Yeah. The speed is the biggest issue. The intelligence of open models is good enough for serious work (though still worse than the frontier models), but the cloud models are often 3-7 times faster, and you can get more parallelization and so get speeds on the order of hundreds of tokens per second, which makes things fast!

freeopinion 2 hours ago | parent [-]

Even extremely slow LLMs can generate Part B faster than I can audit Part A. So the LLM can generate Part A while I look over my email. Then it can worry over Part B while I look over Part A.

It can worry over Part C while I have my 10:30 group meet. And it can worry over Part D while I do whatever other silly, time-wasting thing all humans do in almost all organizations. Then I still haven't reviewed Part B, yet, so the extremely slow AI is waiting on me.

Maybe someday I'll be good enough to need faster AI so I can rewrite something like Bun in a few days. Right now, slow and local fits my use case very well.

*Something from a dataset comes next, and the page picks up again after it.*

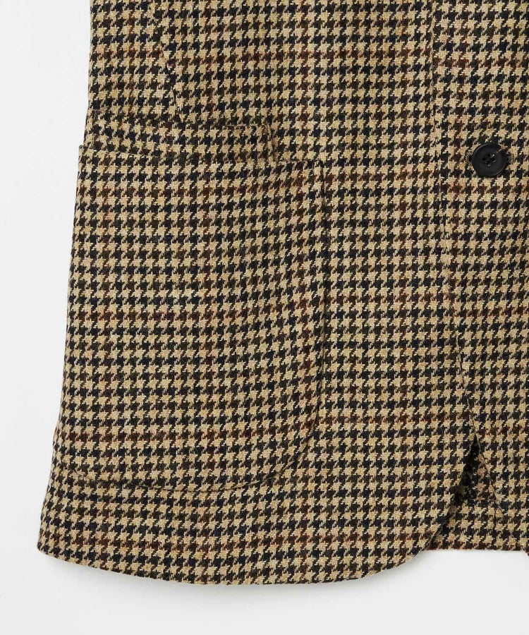 素材には、150年の歴史を誇る英国老舗マラリウス社のガンクラブチェックツイードを採用。オーストラリア・ニュージーランド産の良質な羊毛を用い、一貫工場で丁寧に糸染めされたウール100%のライトウェイトツイードです。

quietsegfault an hour ago | parent [-]

I don’t think it matters if you’re “good enough” or not. Much of AI development is iterative. If you context switch between A from project 1 to B from project 2 back to check A, then maybe C while B finishes up, you will lose the flow state that AI assistance can enable with speed for those who are not fluent coders.

Sure, I can wait hours for my local model to finish, or I can spend basically as much and get the answer right away

There’s a lot of exciting stuff with local LLMs despite the speed, but for me I don’t have the discipline and working memory to jump from project to project.